Anak tumbuh dan memiliki sikap sesuai dengan didikan dari orang tua. Termasuk melatih kemandirian anak, orang tua turut andil di dalamnya.
Seperti diungkap dalam studi terbaru dari North Carolina State University (NC State), ternyata semakin orang tua ikut terlibat dalam kehidupan anaknya menginjak dewasa, semakin sulit mandiri juga anak tersebut.
Banyak terlibat dalam urusan anak bisa menghambat perkembangan profesional mereka. Studi ini dilakukan terhadap 2.600 peserta berusia 18-28 tahun.
SCROLL TO CONTINUE WITH CONTENT
Periset sekaligus profesor di NC State, Anna Manzoni mengatakan keterlibatan orang tua yang intens cenderung membuat pekerjaan sang anak kurang prestisius dibandingkan teman sebayanya.
"Sudah banyak penelitian yang menunjukkan bahwa investasi orang tua pada masa kanak-kanak dan remaja memberikan hasil positif," kata Anna dalam laman kampus NC State.
Jangan Terlalu Mengikat Anak
Studi ini mengambil data dari Transition to Adulthood Supplement survey. Lembaga tersebut telah memantau banyak responden selama hampir satu dekade.
Ada dua konsep utama yang diteliti yakni modal sosial keluarga dan prestise pekerjaan. Modal sosial berupa norma, informasi, dan dukungan orang tua.
"Namun, penelitian kami menunjukkan adanya pergeseran peran orang tua ketika anak beranjak dewasa muda. Pada tahap ini, keterlibatan yang terlalu besar justru bisa menghambat kemampuan anak untuk mandiri," tuturnya.
Analisis peneliti menunjukan semakin keluarga ikut campur berkolerasi negatif terhadap pekerjaan anak. Hasil lain berlaku sebaliknya.
Hal itu membuat peneliti lain juga ikut terkejut. Seperti yang disampaikan oleh Tom Leppard, peneliti pascadoktoral di Data Science and AI Academy NC State.

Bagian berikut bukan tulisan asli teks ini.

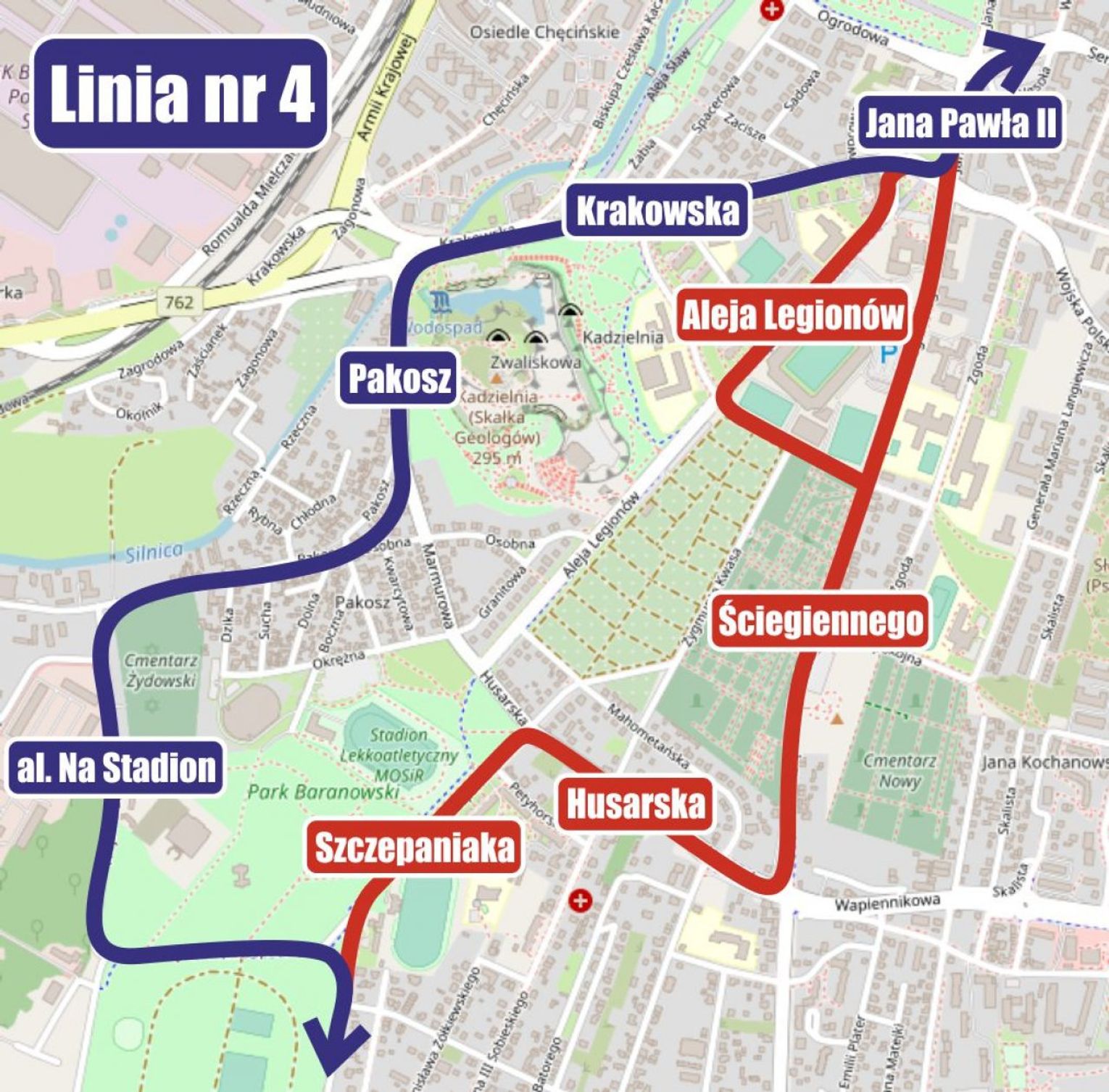 - trasa autobusów linii 4 zostaje częściowo zmieniona. Wszystkie kursy w obie strony będą realizowane ulicą Krakowską, Pakosz i al. Na Stadion.
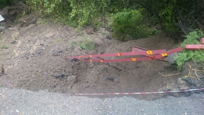 Как сообщает корреспондент программы "Территория происшествий" в настоящее время участок обрушенной автодороги оцеплен полицейскими, движение закрыто в обоих направлениях. Сообщается, что никаких восстановительных работ на месте происшествия не проводится.
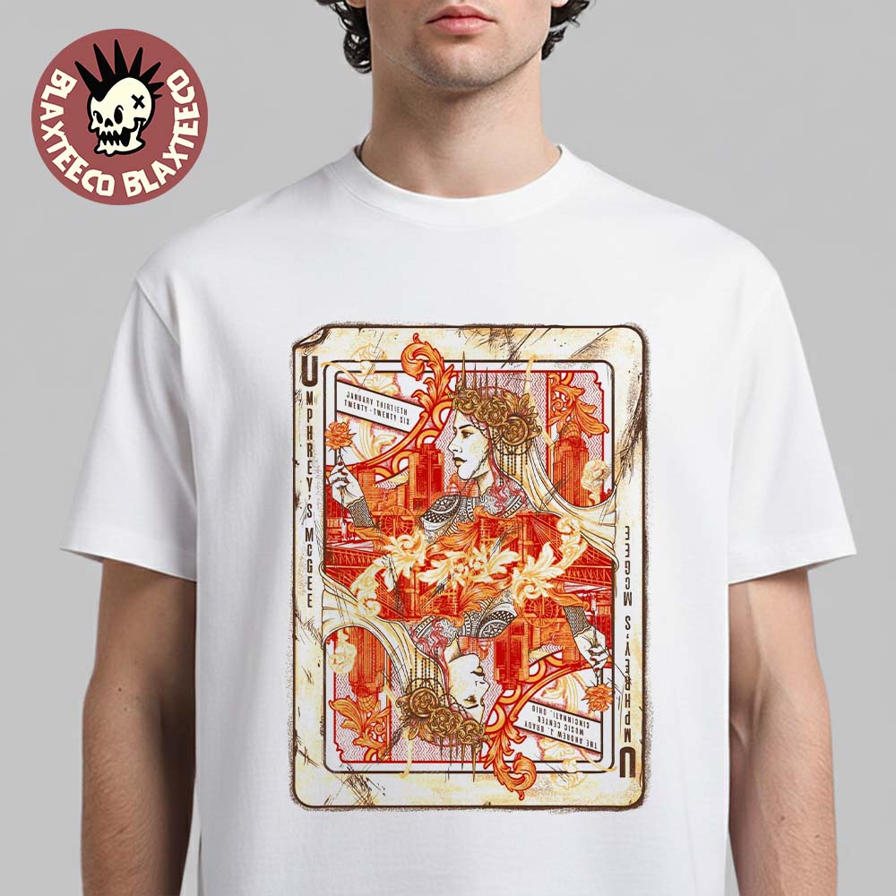 Umphrey’s McGee Cincinnati, Ohio 2026 Event Poster T-Shirt is a standout piece of concert merchandise created to celebrate the band’s live performance at the Andrew J. Brady Music Center on January 30, 2026. Featuring the official event poster artwork, this T-shirt showcases an intricate, playing-card–inspired design with rich red, orange, and cream tones. The detailed illustration blends ornate linework, urban symbolism, and vintage aesthetics that perfectly reflect Umphrey’s McGee’s progressive, experimental sound. Printed on a clean white base, the artwork delivers strong contrast and sharp detail, making it an eye-catching statement for fans of jam bands and live music culture.

"Kami berulang kali memeriksa data kami karena hasilnya terasa berlawanan dengan sebagian besar penelitian sebelumnya. Namun ternyata, dalam masa transisi menuju kedewasaan, terlalu banyak keterlibatan justru dapat membatasi pertumbuhan profesional," ungkapnya.
Peran Orang Tua yang Tepat
Menuju masa dewasa, peran orang tua memang harus bergeser. Dari pengendali menjadi pendukung yang memberi ruang untuk kemandirian.
"(Hal tersebut) memungkinkan anak-anak untuk belajar mengambil keputusan sendiri, membuat kesalahan, dan menghadapi pasar tenaga kerja sendiri," ujar Manzoni.
Dengan demikian, peneliti menyimpulkan bahwa keterlibatan orang tua yang intens saat anak memasuki usia dewasa berpengaruh pada keterlambatan dalam mencapai karier.
Untuk hasil penelitian yang lebih lengkap, bisa dilihat pada artikel berjudul "Bonding Ties That Get Ahead?: Family Social Capital and Early Occupational Attainment" ini dipublikasikan dalam Journal of Youth Studies, 31 Desember 2025.